The launch of a trial femtocell service by Australian operator Optus prompted mixed responses, with analyst firm Telsyte arguing that the move is “really passing the buck, making the consumer pay to get a better reception in the home.” Optus is offering the 3G Home Zone product for between AUD60 (US$63) and AUD240, depending on the customer’s mobile tariff and whether part of the cost is added to the monthly bill.  Connecting to the subscriber’s fixed broadband connection in the home, it is designed to improve in-building coverage, with Optus arguing that this will lead to customers abandoning their fixed-line voice connection.
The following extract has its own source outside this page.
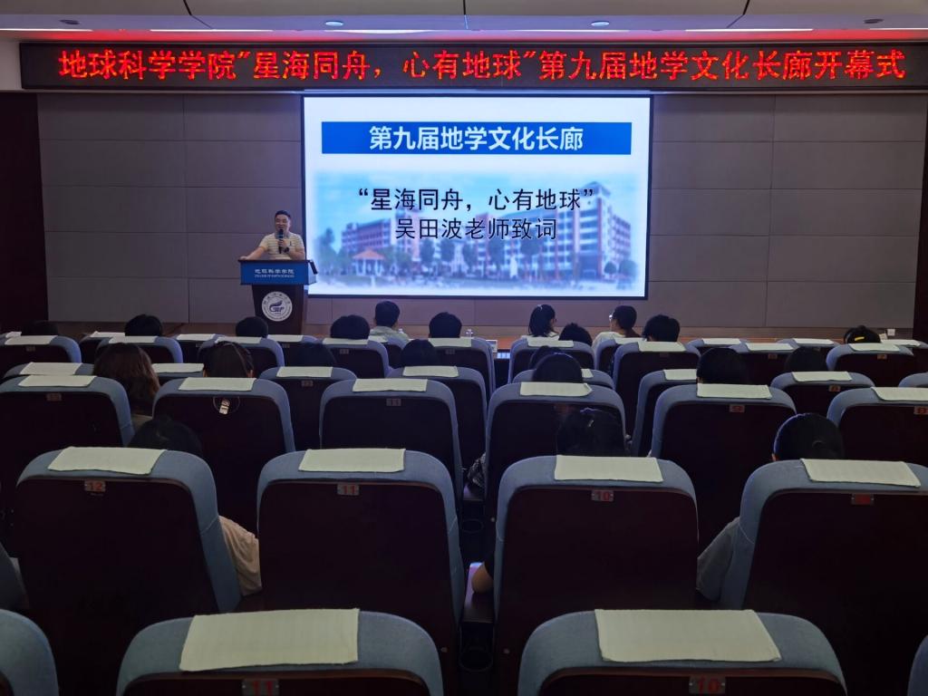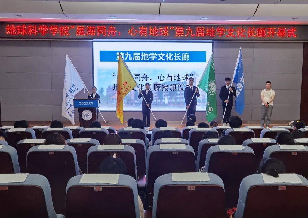最后,吴田波老师为地学文化长廊的主要筹备人员授旗,宣布本次地学文化长廊系列活动正式开幕。

The pilot is taking place in selected areas of Brisbane, Central Coast, Gold Coast, Sunshine Coast, Sydney and Wollongong, with “selected Optus customers” participating.

Telstra, Optus’ main rival in the Australian market, has previously expressed doubts about the benefits of these consumer-installed femtocells, with Hugh Bradlow, its CTO, noting that: “laptops and tablets generate by far the highest data load per device and most of these devices are already offloading onto WiFi.” Computerworld Australia also said that Telsyte had noted that “there’s other networks in Australia that don’t seem to have the need for femtocells.” The economics of femtocells for customers have also been questioned. As well as having to pay for the device, iTWire reports that the Optus femtocell uses 1GB of data per month before any calls or data sessions, with this usage coming out of a customer’s monthly fixed broadband allowance – even if they are an Optus fixed-line subscriber. In addition, mobile calls and data use is billed and metered as normal when using the 3G Home Zone, with the report noting that “there is an element of ‘double dipping’ where an Optus fixed broadband connection is used.”